◆ WHAT YOU WILL DO ◆
The answer must be the lines from the one that holds "Cowboy Butter Chicken" through the final line of the data, copied exactly, with no pictures.

◆ COLLECTED MATERIAL ◆
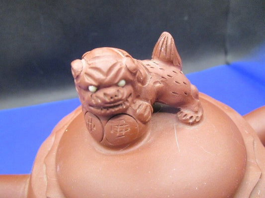 CHINESE Yixing pumpkin shape clay teapot with a foo dog on the lid
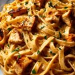 Cowboy Butter Chicken Linguine is a creamy, flavorful pasta dish featuring tender, spiced chicken breasts cooked with garlic, smoked paprika, and a butter-based sauce. Tossed with linguine and a rich Parmesan cream sauce, this hearty meal is garnished with fresh parsley for a touch of freshness and elegance, perfect for a satisfying weeknight dinner or weekend treat.
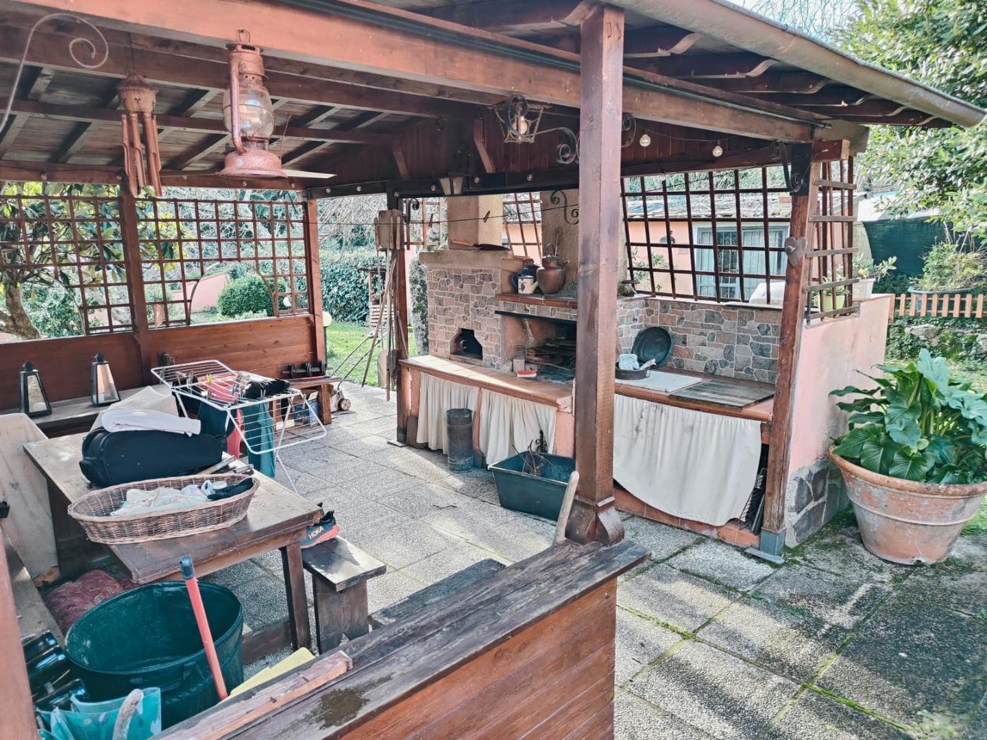 Disposto tutto su unico livello, oggetto molto affascinante con 2 ampi loggiati di cui uno distaccato dalla casa accessoriato di forno, piano cottura e zona pranzo.
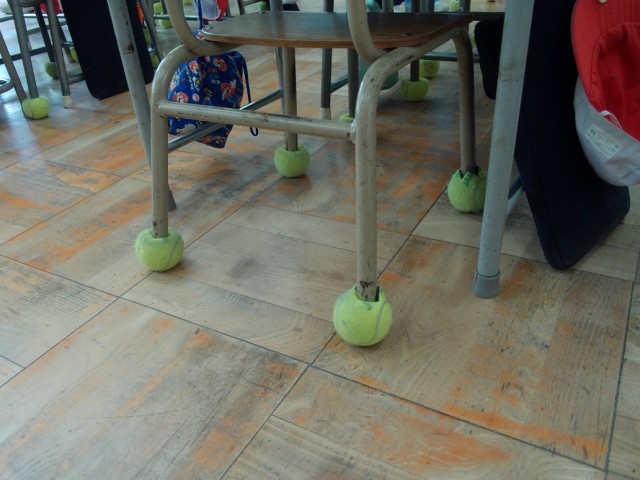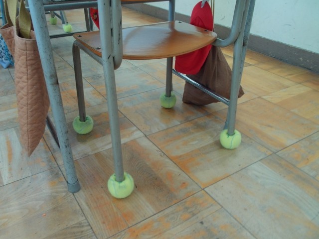 教職員で、教室の椅子に廃材のテニスボールをつけました。テニスボールをつけることで、椅子を引きずった時に起こる大きな音が軽減されます。廃材のテニスボールは、平野区の「テニスワールド平野」より提供いただきました。ありがとうございました。

◆ ANSWER BELOW ◆
 Cowboy Butter Chicken Linguine is a creamy, flavorful pasta dish featuring tender, spiced chicken breasts cooked with garlic, smoked paprika, and a butter-based sauce. Tossed with linguine and a rich Parmesan cream sauce, this hearty meal is garnished with fresh parsley for a touch of freshness and elegance, perfect for a satisfying weeknight dinner or weekend treat.
 Disposto tutto su unico livello, oggetto molto affascinante con 2 ampi loggiati di cui uno distaccato dalla casa accessoriato di forno, piano cottura e zona pranzo.
 教職員で、教室の椅子に廃材のテニスボールをつけました。テニスボールをつけることで、椅子を引きずった時に起こる大きな音が軽減されます。廃材のテニスボールは、平野区の「テニスワールド平野」より提供いただきました。ありがとうございました。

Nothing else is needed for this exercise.